Output every line of the material exactly, omitting images.
:: GIVEN DATA ::
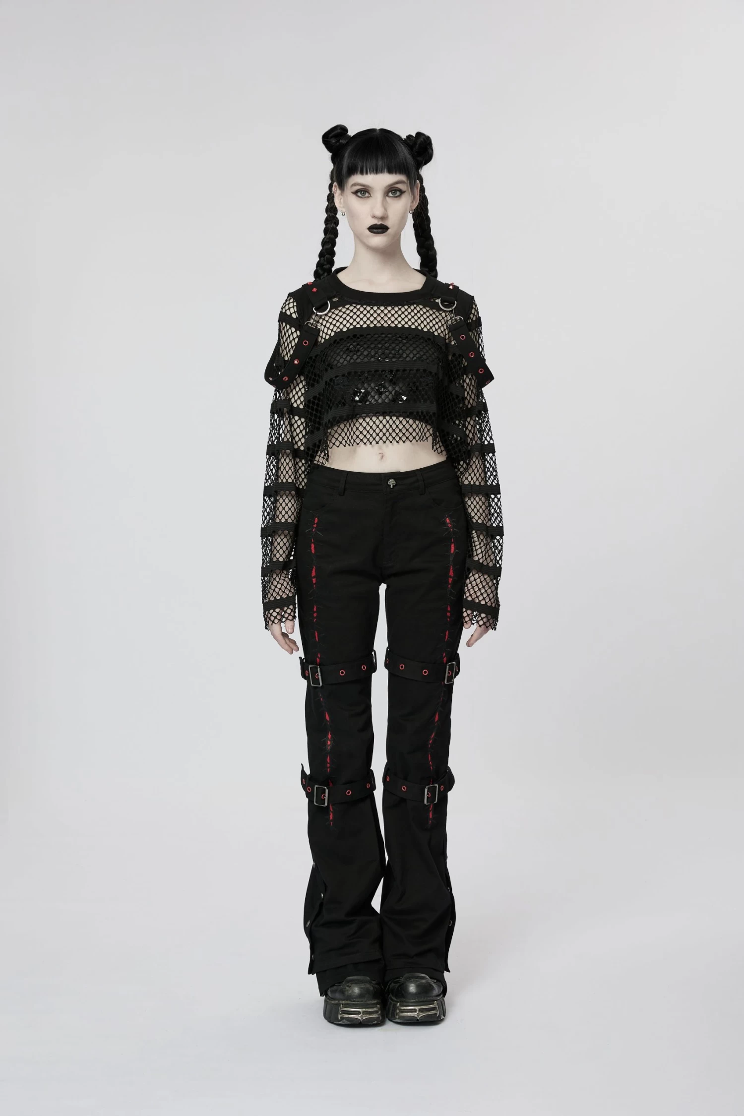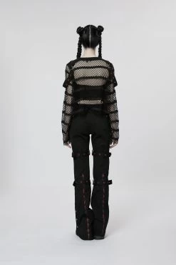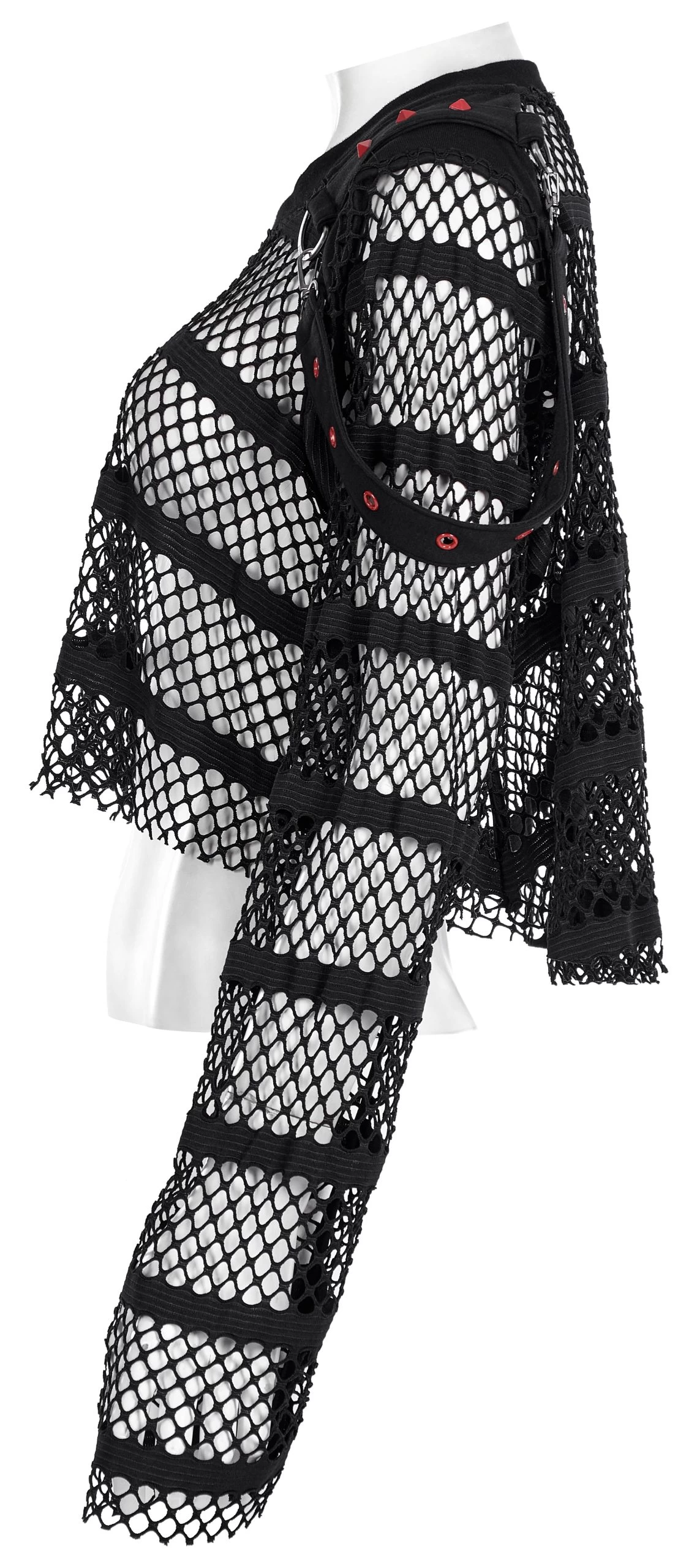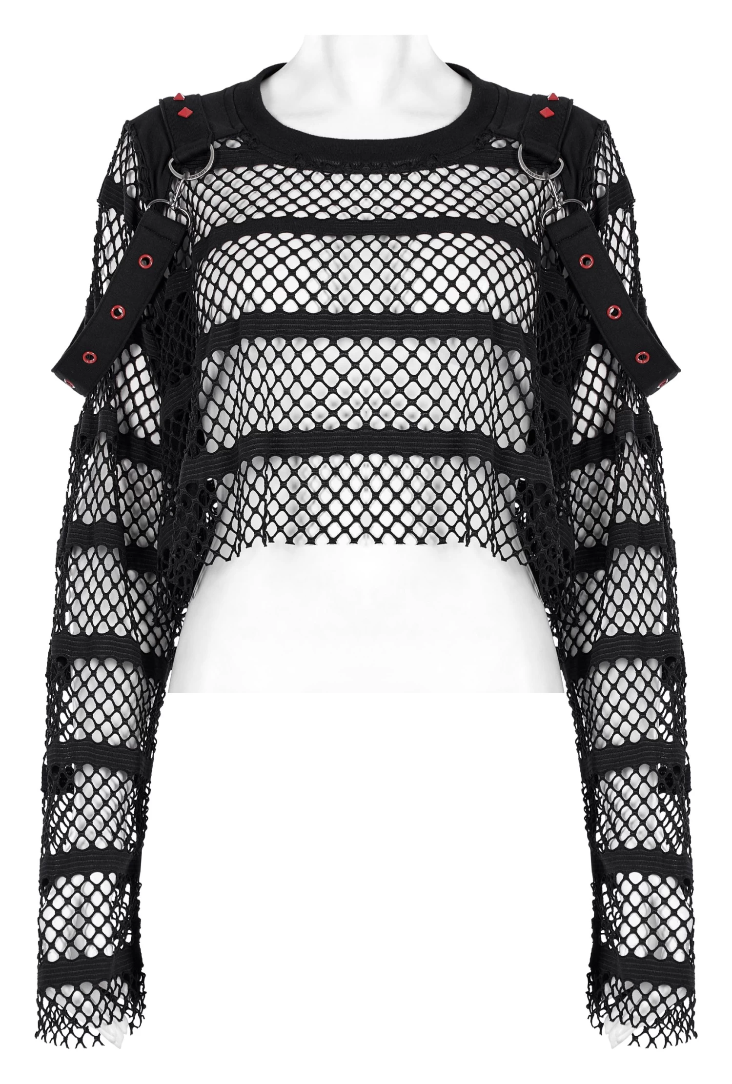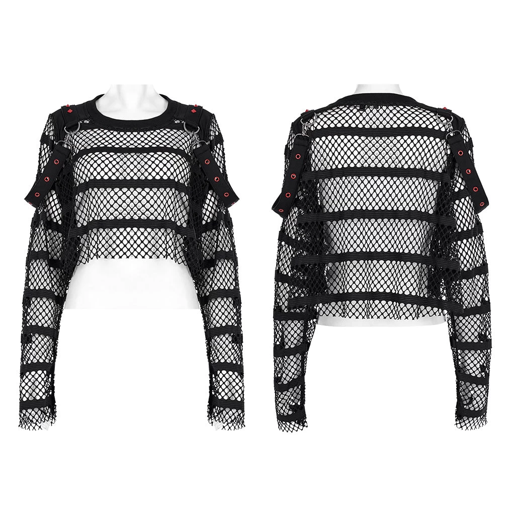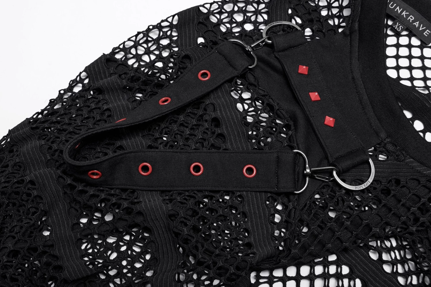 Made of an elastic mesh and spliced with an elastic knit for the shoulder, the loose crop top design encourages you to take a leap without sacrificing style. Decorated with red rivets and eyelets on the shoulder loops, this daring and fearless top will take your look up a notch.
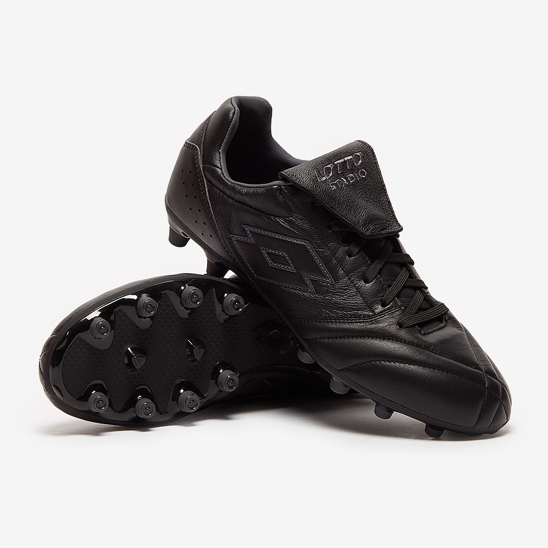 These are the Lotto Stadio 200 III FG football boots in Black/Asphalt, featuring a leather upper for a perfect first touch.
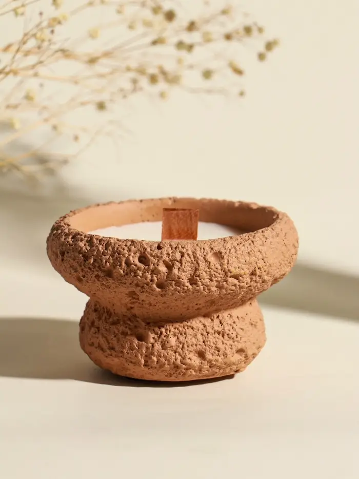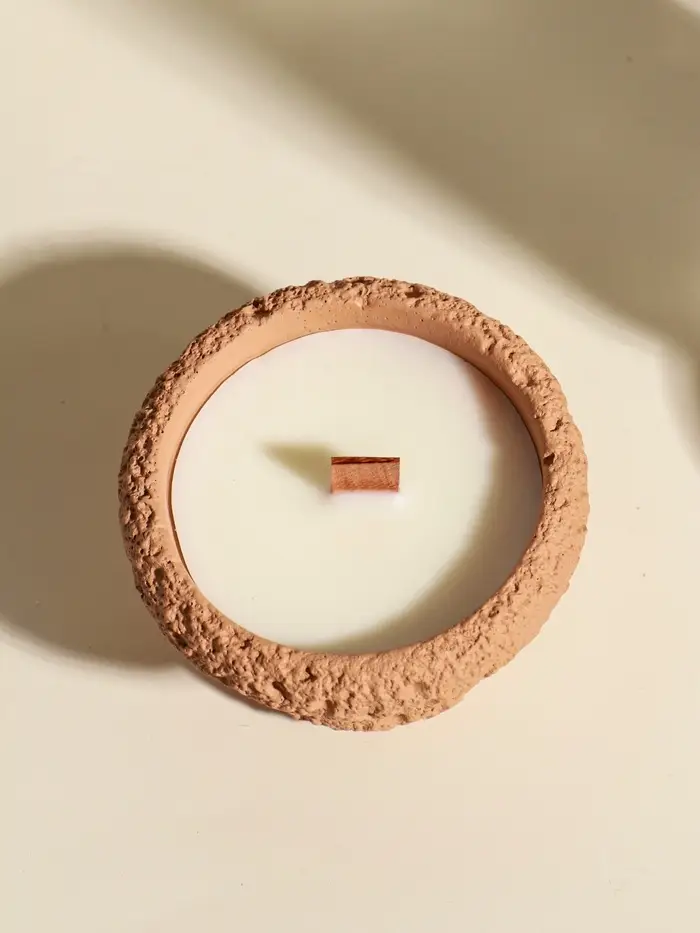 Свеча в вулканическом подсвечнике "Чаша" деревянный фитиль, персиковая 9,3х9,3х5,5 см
:::
▸ **EXERCISE SOLUTION**
 Made of an elastic mesh and spliced with an elastic knit for the shoulder, the loose crop top design encourages you to take a leap without sacrificing style. Decorated with red rivets and eyelets on the shoulder loops, this daring and fearless top will take your look up a notch.
 These are the Lotto Stadio 200 III FG football boots in Black/Asphalt, featuring a leather upper for a perfect first touch.
 Свеча в вулканическом подсвечнике "Чаша" деревянный фитиль, персиковая 9,3х9,3х5,5 см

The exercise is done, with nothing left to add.